After an hour or so, Jeff had us get a hive tool, and we inspected the hives by ourselves, although he still coached us through a lot of it. He had us repeat back what we were learning and explain what we were looking for. Our gloves got sticky with wax and propolis, and the bees became annoyed with us, crawling around our headnets, buzzing angrily. But at last we finished up the last hive, and with our heads swarming with the crash-course knowledge, we thanked Jeff and said goodbye.

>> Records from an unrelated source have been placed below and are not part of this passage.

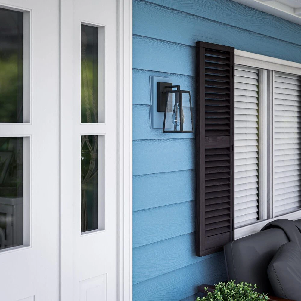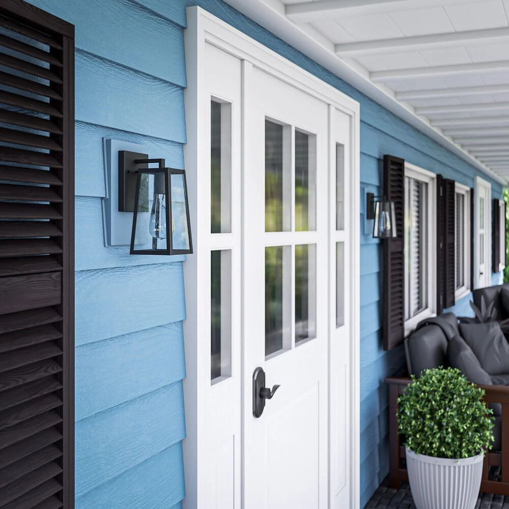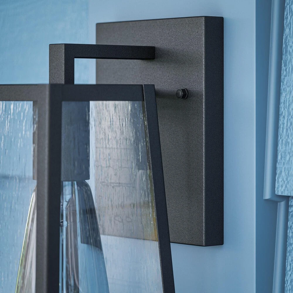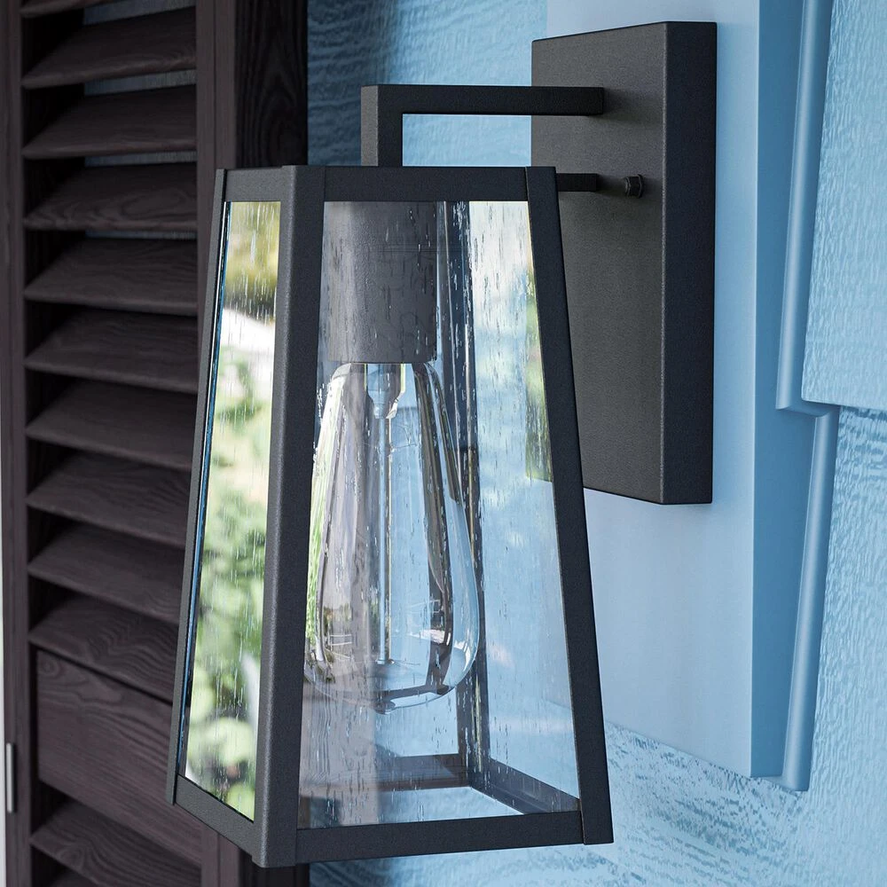 Make a subtle statement with this simplistic, yet stylish modern wall lantern. Perfect for use outdoors to illuminate your entryway, this geometric beauty shows that simple, minimalist design can make a statement all its own. Clear seeded glass shades and a warm black finished powder coated steel add a hint of texture to the otherwise clean-lined piece, allowing the bright light of the bulb to flow unrestricted to welcome your guests to your charmingly contemporary home with a warm cascade of light.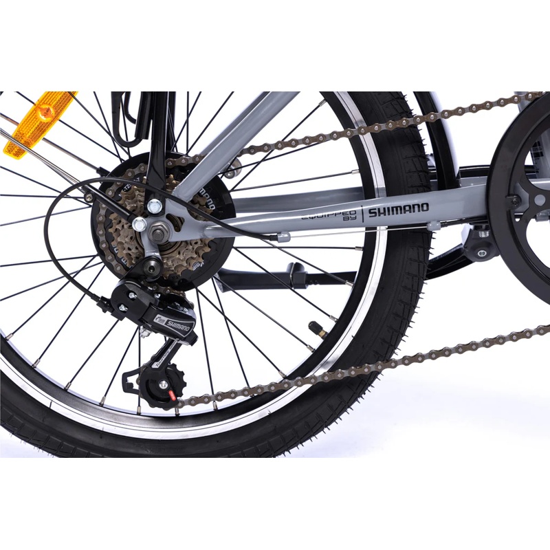 La Moma Bikes Fold 20 7 Velocidades es una bicicleta plegable con cuadro de aluminio 7005 y ruedas de 20 pulgadas. Monta una transmisión Shimano de 7 velocidades con cambio trasero. El sistema de frenado utiliza frenos V-Brake en ambas ruedas. El cuadro integra un mecanismo de plegado y el conjunto incorpora pedales plegables. La denominación del modelo corresponde a una configuración con estructura plegable, rueda de 20 pulgadas y transmisión de 7 velocidades dentro de la gama Fold de Moma Bikes.
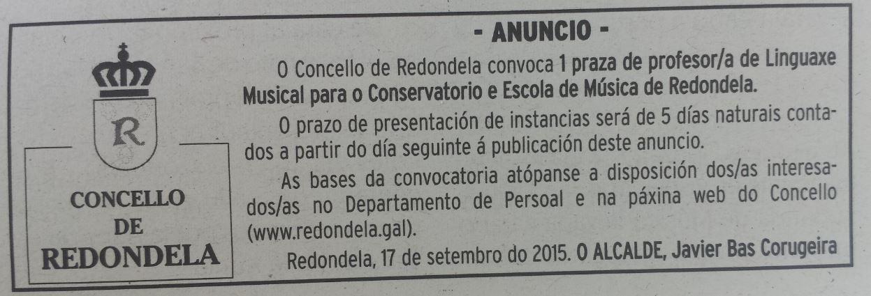 | Redondela | Profesor/a de Linguaxe Musical | 1 | Personal Laboral Fijo |  | |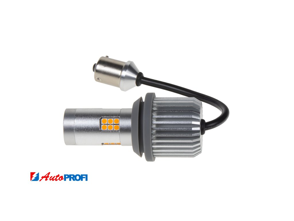 Nová generace LED autožárovek s paticí BAU15s, oranžová, 30x LED čip 3030SMD. Díky speciální vestavěné elektronice simuluje stejný odběr jako klasická žárovka a nehlásí chybu ve vozidlech se systémem hlídání prasklých žárovek. Určeno do směrových světel (blinkrů), žárovky blikají správnou rychlostí.

Before that day, I couldn’t understand why vegans wouldn’t eat honey— what do the bees care? I thought. After that day, I understood. The sheer amount of bee-squishing was disturbing— we tried very hard not to kill any of the workers, but many of them got crushed as we moved the frames around and scraped off honeycomb. Jeff also taught us to destroy cells that were incubating drones, since they do literally nothing for the colony except mate with the queen, and I felt a little sick to my stomach as I scraped the hive tool along the drone cells and watched the larvae’s bodies burst into white liquid that streamed down into the grass. I have an emotional attachment to honeybees— I think they’re cute, and their collective intelligence is breathtaking— but is that a reason enough not to kill them? 

Most people swat flies and mosquitoes without a thought, and drive through river bottomlands in summer when nearly thousands of bugs are splatted across our windshield. Eating plain kale from my own garden came at the cost of hundreds of cabbage worms’ lives. A normal vegan diet means taking part in the deaths of millions of insects and even rodents and amphibians caught up in heavy farming equipment. But in our modern society of detachment from death, we lose sight of the sacrifice that is required for us to eat food. After working with the bees, I have a much more sensory feeling for that sacrifice.

That night, I poured the clear honey we’d collected through a strainer into a jar, and stirred it into a jug with some lemon to make honey-water. I felt a sense of solemnity as I drank.


A few days later, Jeff invited us to look at his hives down the road, and we eagerly agreed. This second time, I had a much better feel for what I was doing and what I was looking for; Zach and I worked together in a comfortable rhythm, and Jeff showed us some techniques for mixing up the frames in a way that encourages the bees to put away more honey and expand into other boxes. Sweaty in the sun, we were surprised when Jeff invited us to town for a cold beer, and we eagerly agreed to that as well. 

I’m not sure if beekeeping is feasible with the yard size we have (if we intend to keep chickens as well), but the experience definitely piqued my interest. But most of all, working with the bees helped me to appreciate them even more than before— and to be respectful of the sacrifice that brings me the sweet golden liquid to drizzle on my toast.